*PROBLEM REQUIREMENTS:*
Below is a block of records: output all of them exactly and leave out the pictures.

Records from a collection:
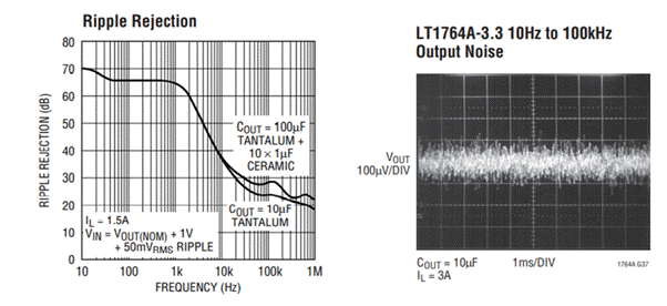 PSRR衡量電路抑制電源輸入端出現(xiàn)的外來(lái)信號(hào)(噪聲和紋波),使這些干擾信號(hào)不至于破壞電路輸出的能力。在實(shí)際場(chǎng)景中越是低頻的噪聲越難抑制。在100 kHz 至 1 MHz 范圍內(nèi)的電源抑制非常重要,因?yàn)?LDO 經(jīng)常跟高效的開關(guān)電源配合使用來(lái)為敏感的模擬電路供電。
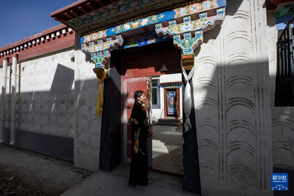 丹增在森布日生態(tài)搬遷安置點的新家門前(2024年1月24日攝)。新華社 姜帆 攝
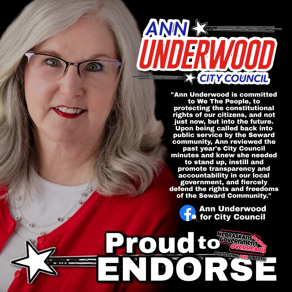 Ann Underwood for City Council in Seward is the exact type of civil servant we look for! A community member that upon hearing the urgent need of the local grassroots group, rose up to the challenge of representing We the People! Ann will be a solid conservative voice and guardian of the liberties in Seward!
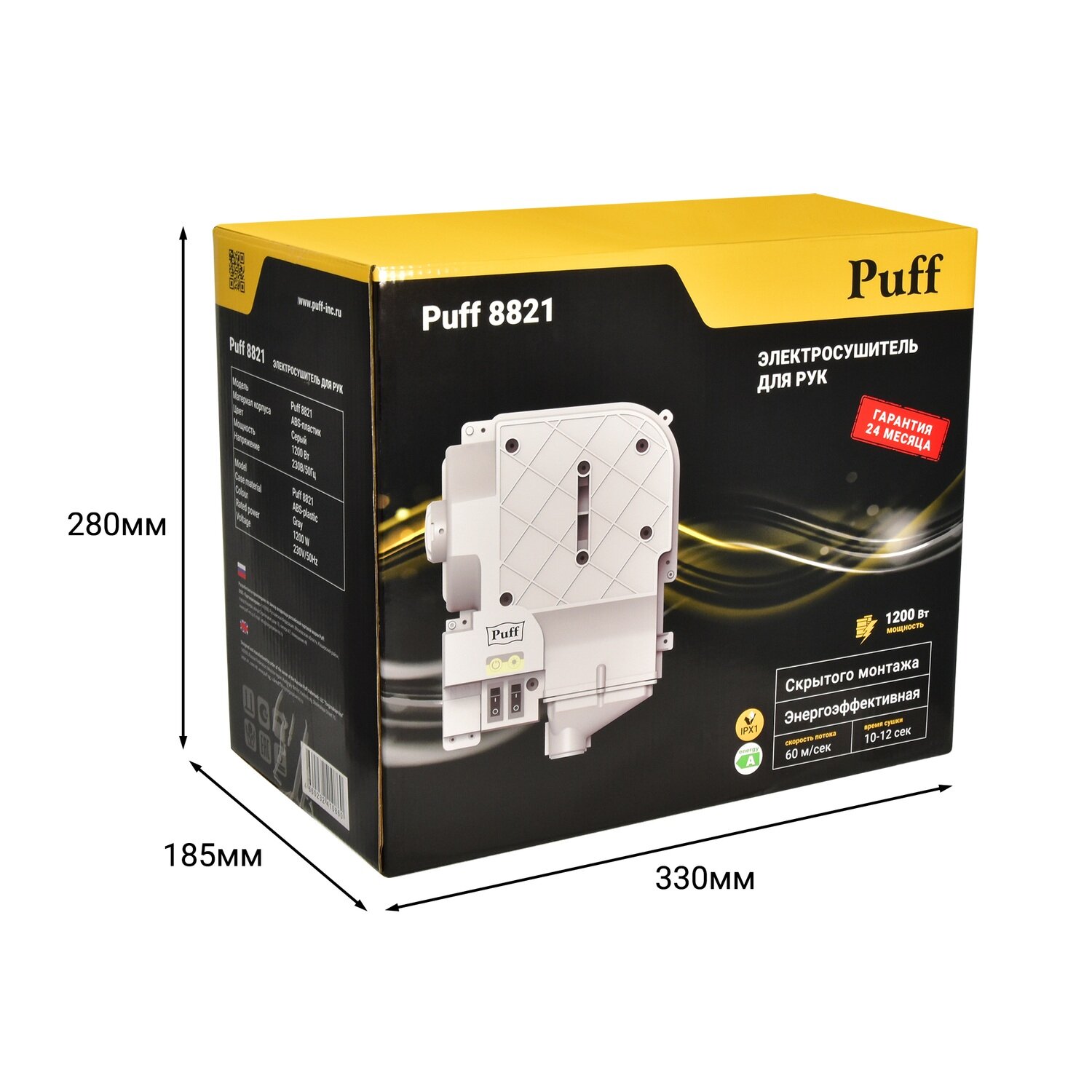 Купить Электросушитель для рук Puff-8821 мощность 1200Вт, скрытый монтаж, Арт: 1401.413
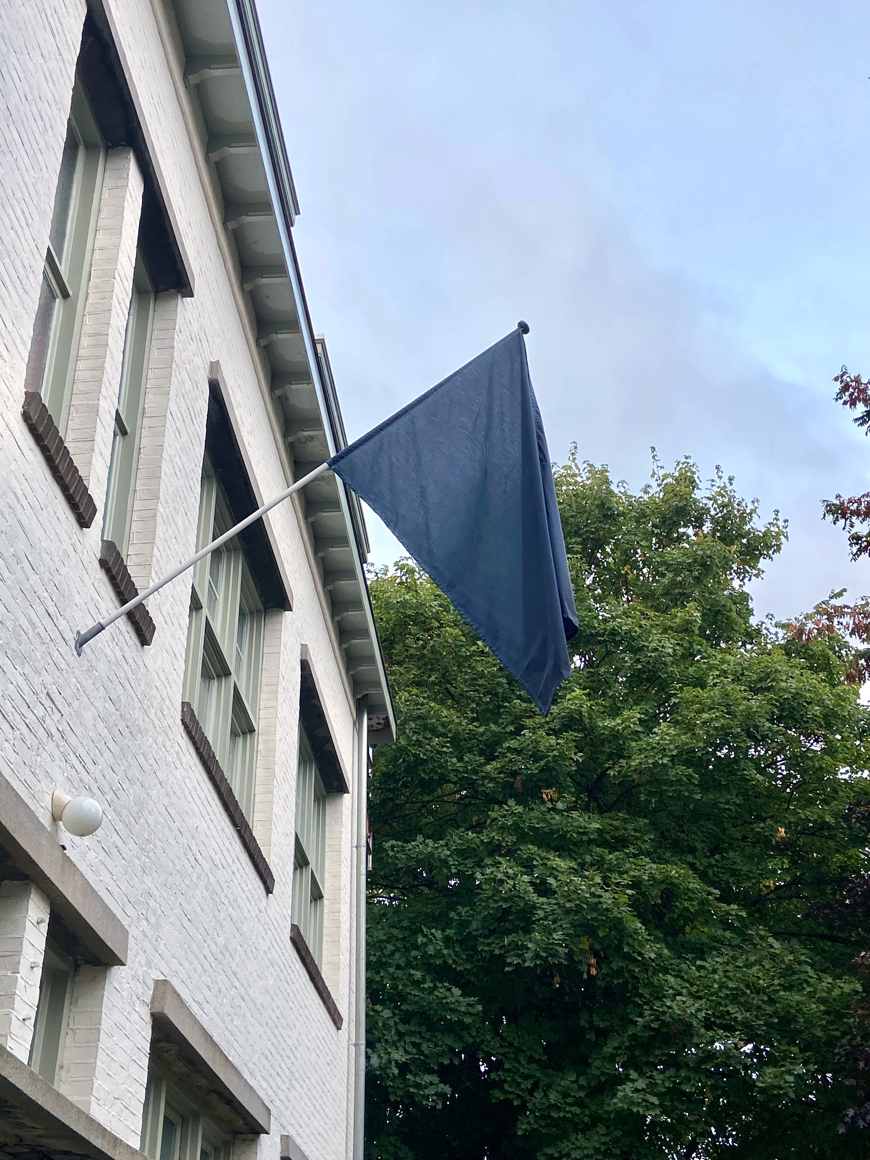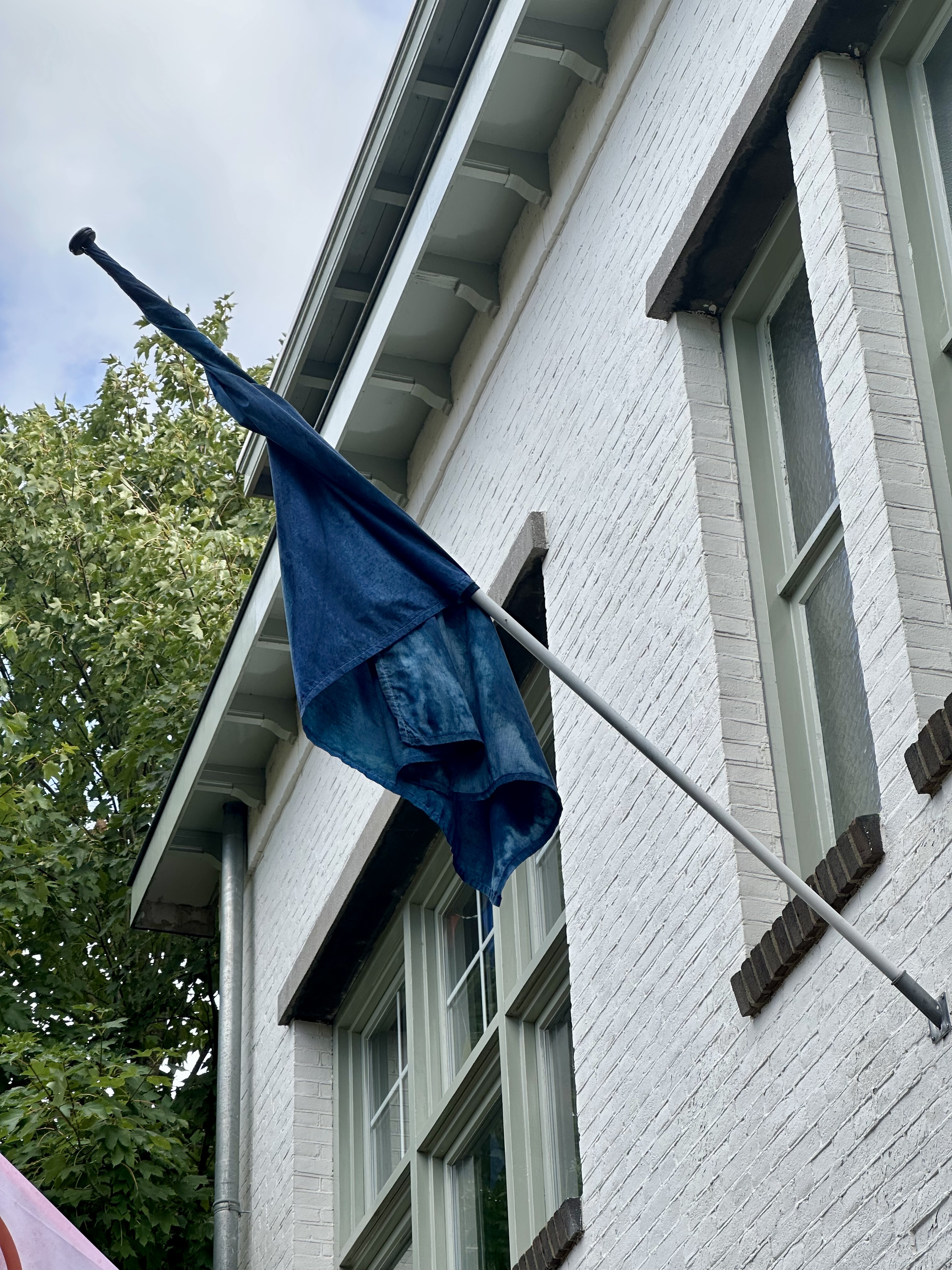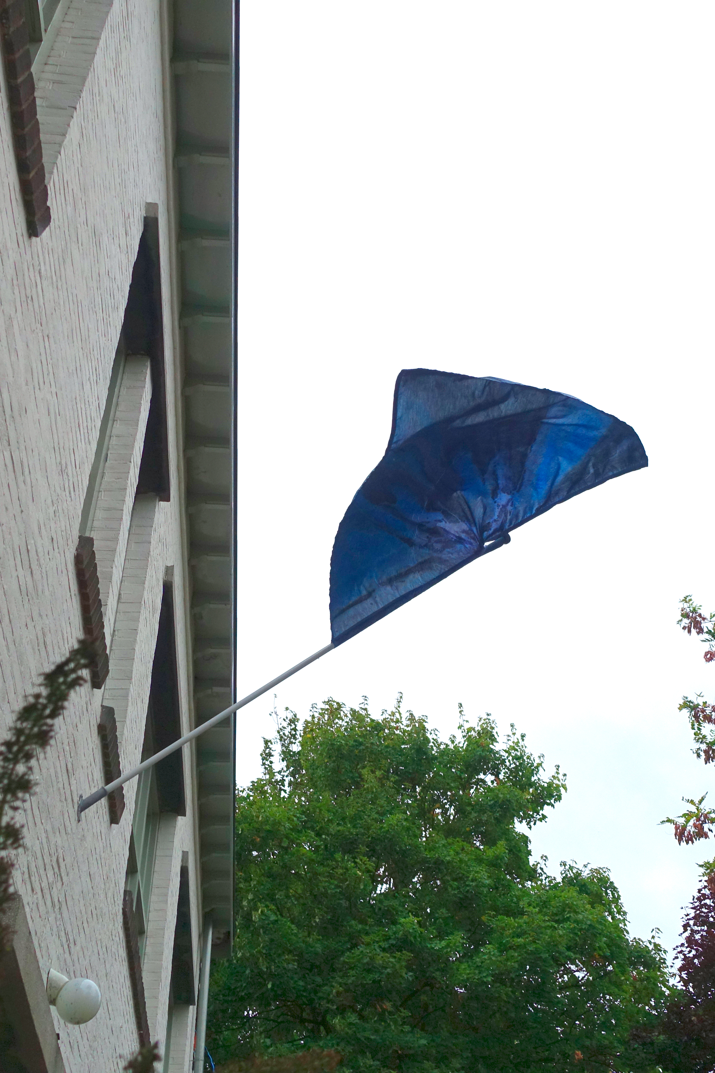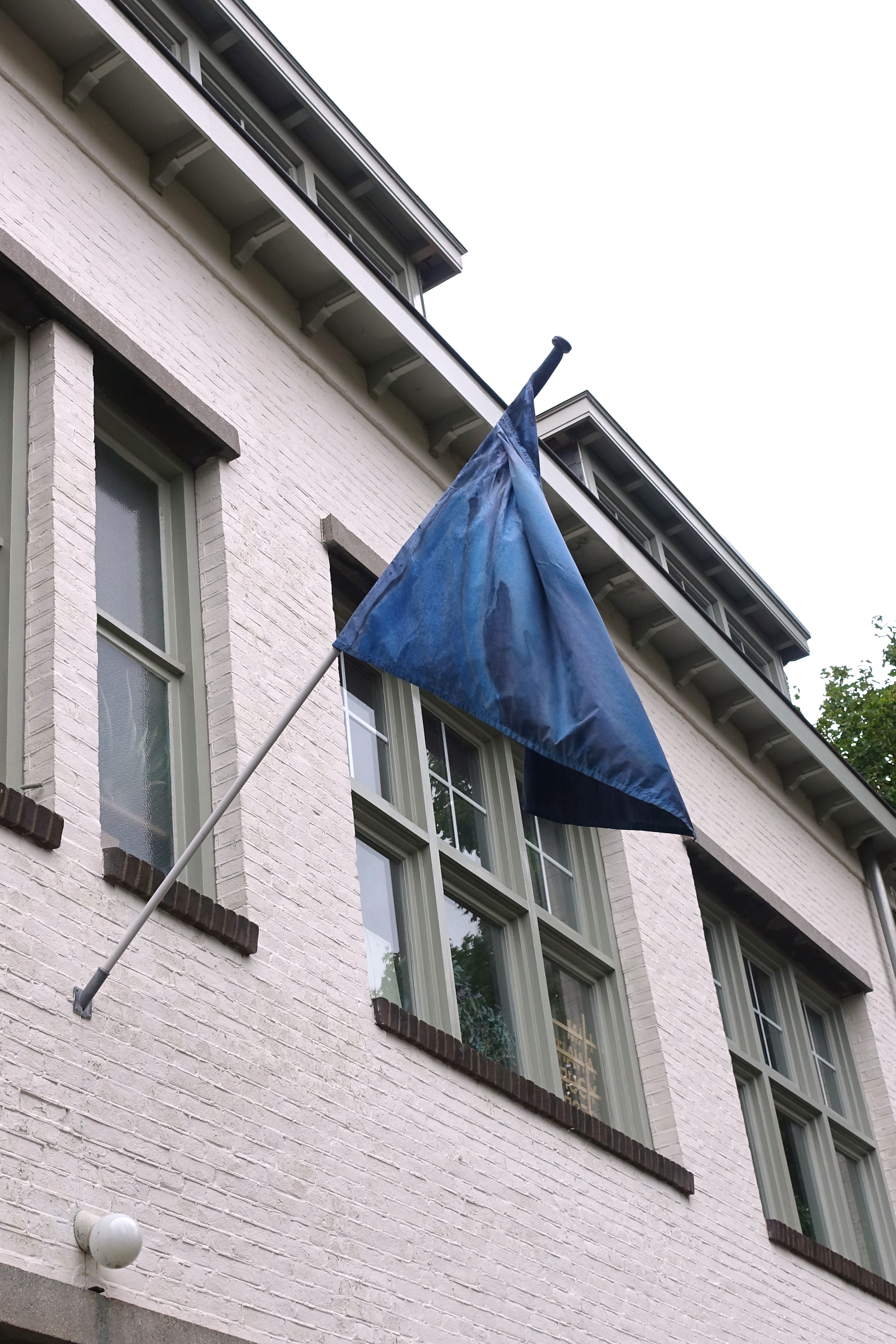 Eine Flagge symbolisiert normalerweise die Manifestation einer bestimmten Herkunft, eines Ortes oder einer Zugehörigkeit. Diese Flagge existiert einzig, um zu der Umgebung zu gehören, in der sie gehisst wurde. Sie wirkt wie ein Spiegel – nicht in Echtzeit, sondern als Dokument ihrer ersten Begegnung mit Licht. Dieser Moment, allein durch natürliche Einflüsse gesteuert, endet mit der ersten Berührung des Regens. Die Flagge ist mit Cyanotypie beschichtet: Im Dunkeln sensibilisiert, beginnt sie sich zu verändern, sobald sie gehisst und dem Tageslicht ausgesetzt wird. Der Wind bestimmt, wie viel Fläche Licht einfängt, während in Falten liegende Teile des Stoffs unbelichtet und dadurch wasserlöslich bleiben. In ihrem unkontrollierbaren Erscheinungsbild einer stillen Zusammenarbeit zwischen menschlicher Intention und natürlicher Geste stellt die Flagge ein Sich-Heranwagen und ein Verstehen des Gegebenen dar. In ihrer materiellen Präsenz ist sie zugleich Ausdruck und Zeugnis dieses Moments der Verbundenheit. Das Werk entsteht ortsspezifisch und wird für jeden Standort erneut gefertigt, beschichtet und belichtet.

*EXERCISE RESULT:*
 PSRR衡量電路抑制電源輸入端出現(xiàn)的外來(lái)信號(hào)(噪聲和紋波),使這些干擾信號(hào)不至于破壞電路輸出的能力。在實(shí)際場(chǎng)景中越是低頻的噪聲越難抑制。在100 kHz 至 1 MHz 范圍內(nèi)的電源抑制非常重要,因?yàn)?LDO 經(jīng)常跟高效的開關(guān)電源配合使用來(lái)為敏感的模擬電路供電。
 丹增在森布日生態(tài)搬遷安置點的新家門前(2024年1月24日攝)。新華社 姜帆 攝
 Ann Underwood for City Council in Seward is the exact type of civil servant we look for! A community member that upon hearing the urgent need of the local grassroots group, rose up to the challenge of representing We the People! Ann will be a solid conservative voice and guardian of the liberties in Seward!
 Купить Электросушитель для рук Puff-8821 мощность 1200Вт, скрытый монтаж, Арт: 1401.413
 Eine Flagge symbolisiert normalerweise die Manifestation einer bestimmten Herkunft, eines Ortes oder einer Zugehörigkeit. Diese Flagge existiert einzig, um zu der Umgebung zu gehören, in der sie gehisst wurde. Sie wirkt wie ein Spiegel – nicht in Echtzeit, sondern als Dokument ihrer ersten Begegnung mit Licht. Dieser Moment, allein durch natürliche Einflüsse gesteuert, endet mit der ersten Berührung des Regens. Die Flagge ist mit Cyanotypie beschichtet: Im Dunkeln sensibilisiert, beginnt sie sich zu verändern, sobald sie gehisst und dem Tageslicht ausgesetzt wird. Der Wind bestimmt, wie viel Fläche Licht einfängt, während in Falten liegende Teile des Stoffs unbelichtet und dadurch wasserlöslich bleiben. In ihrem unkontrollierbaren Erscheinungsbild einer stillen Zusammenarbeit zwischen menschlicher Intention und natürlicher Geste stellt die Flagge ein Sich-Heranwagen und ein Verstehen des Gegebenen dar. In ihrer materiellen Präsenz ist sie zugleich Ausdruck und Zeugnis dieses Moments der Verbundenheit. Das Werk entsteht ortsspezifisch und wird für jeden Standort erneut gefertigt, beschichtet und belichtet.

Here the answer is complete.